Competing interests: The authors have declared that no competing interests exist.

Introduction

Diabetes is the leading cause of chronic kidney disease and end-stage renal disease (ESRD) in the United States [1]. Reducing the burden of diabetic kidney disease requires early identification and treatment of persons with diabetes at increased risk for diabetic nephropathy (DN). Elevated urinary albumin excretion is considered the best marker of early progressive DN, but loss of renal function may precede the rise in albumin excretion [2] and elevated albumin excretion may only appear after significant structural damage has already occurred [3]. Given these uncertainties, other markers may improve risk prediction in individuals with diabetes.

Structural changes within the kidney precede and predict clinical DN [3,4] so biomarkers that predict these structural changes may be of great clinical value.
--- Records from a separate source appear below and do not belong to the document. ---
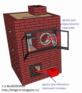 Эта печь самая эффективная из всех печей - котлов в кирпичном исполнении, которые разработаны мною Используйте. не пожалеете. В нем имеется бункер для закладки топлива, камера дожига и газовое окно. Напротив газового окна, сверху установлен теплообменник. Его можно сделать стальным, или из чугунных регистров. Топочная выложена из шамоных кирпичей. По периметру - керамический кирпич, толщиной в кирпич. Исходя из опыта эксплуатации угловой пиролизной печи BLAGO трещин в процессе эксплуатации котла не выявлено. Теплообменник можно снять, не приложив никаких усилий по разборке печи.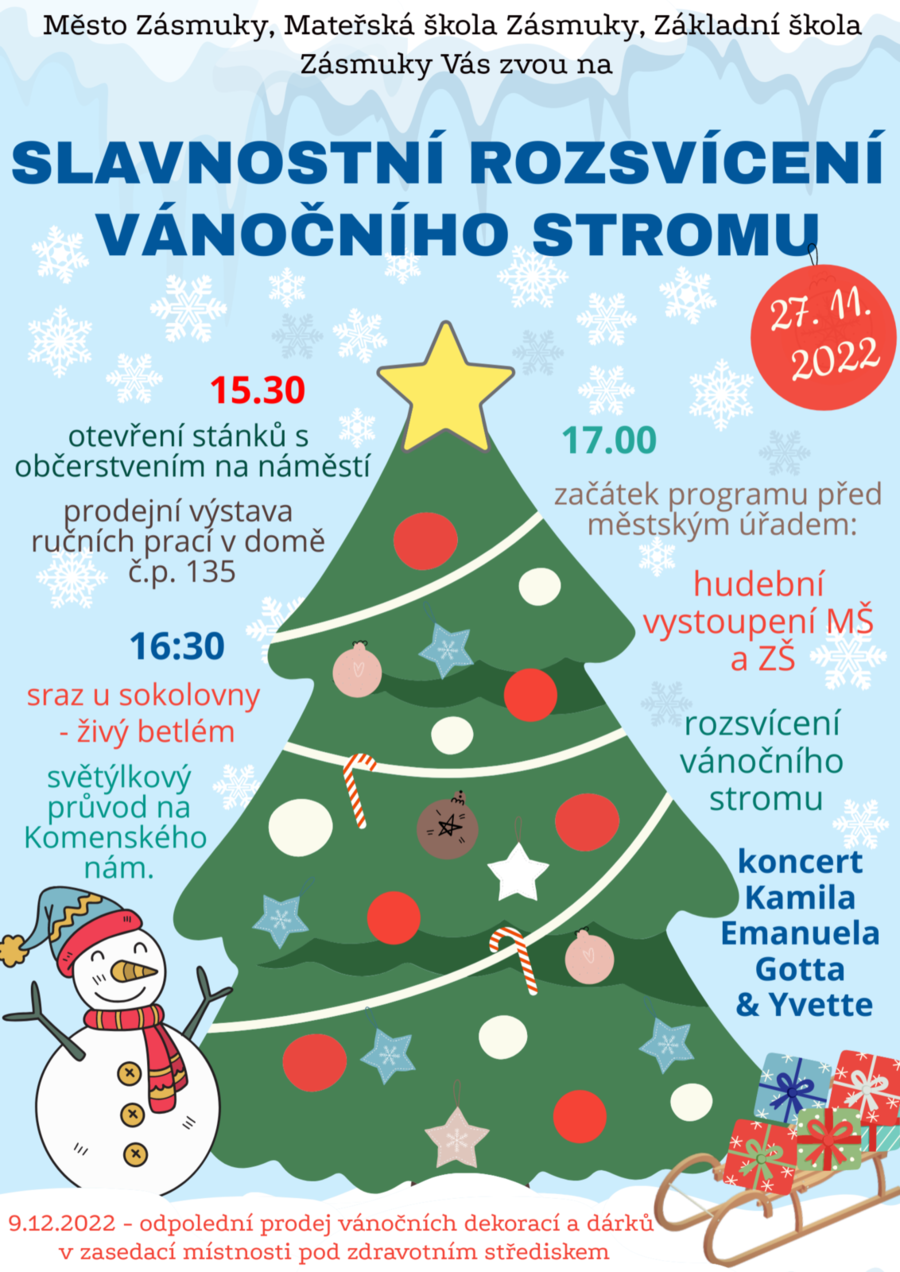 Město Zásmuky Vás zve na slavnostní rozsvícení vánočního stromu, které se uskuteční první adventní neděli 27.11.2022 na Komenského nám. V této souvislosti nabízí možnost stánkového prodeje. V případě zájmu o stánek kontaktujte paní starostku PhDr. Martu Vaňkovou, tel: 722 935 001, e-mail: starosta@zasmuky.cz.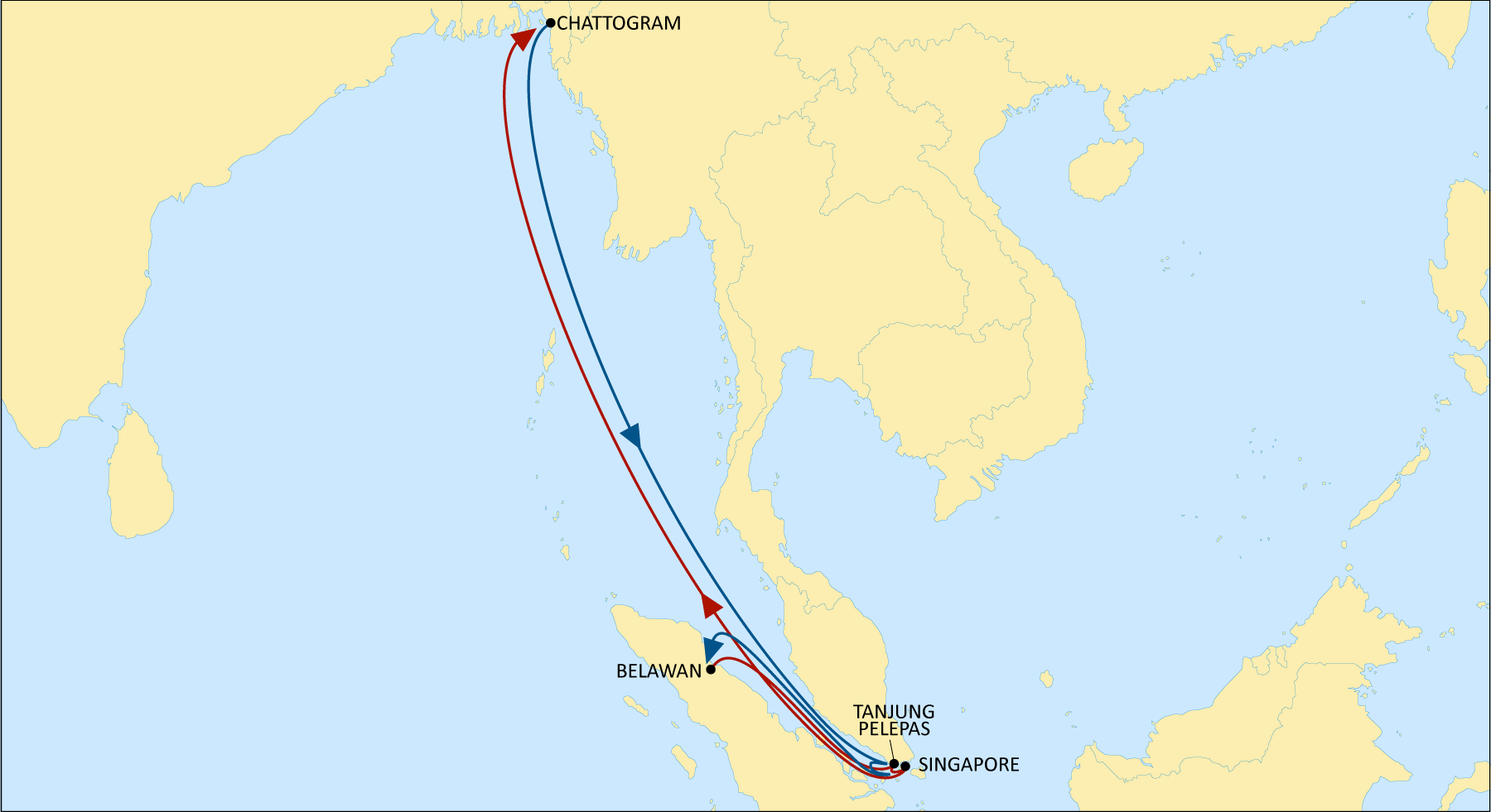 Belawan – Tanjung Pelepas – Singapore – Chattogram – Tanjung Pelepas – Singapore – Belawan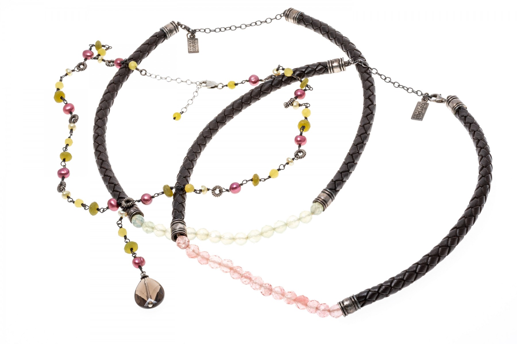 Lot of three pretty pink and green motif bead and woven leather necklaces

We previously reported that elevated urinary concentration of monocyte chemoattractant protein-1, a marker of inflammation that predicts renal function decline and progression to ESRD in persons with diabetes [5], was associated with interstitial changes over 5 years in the kidneys of predominantly white women with type 1 diabetes (T1D) and no clinical evidence of DN [6]. We also found that elevated serum concentrations of tumor necrosis factor receptors 1 and 2, which are strong independent predictors of renal function decline leading to ESRD in persons with diabetes [7,8], are associated with early mesangial expansion and loss of glomerular capillary endothelial cell fenestrations in Pima Indians with type 2 diabetes [9]. Together, these studies support further discovery efforts to identify potential biomarkers of early structural damage in DN.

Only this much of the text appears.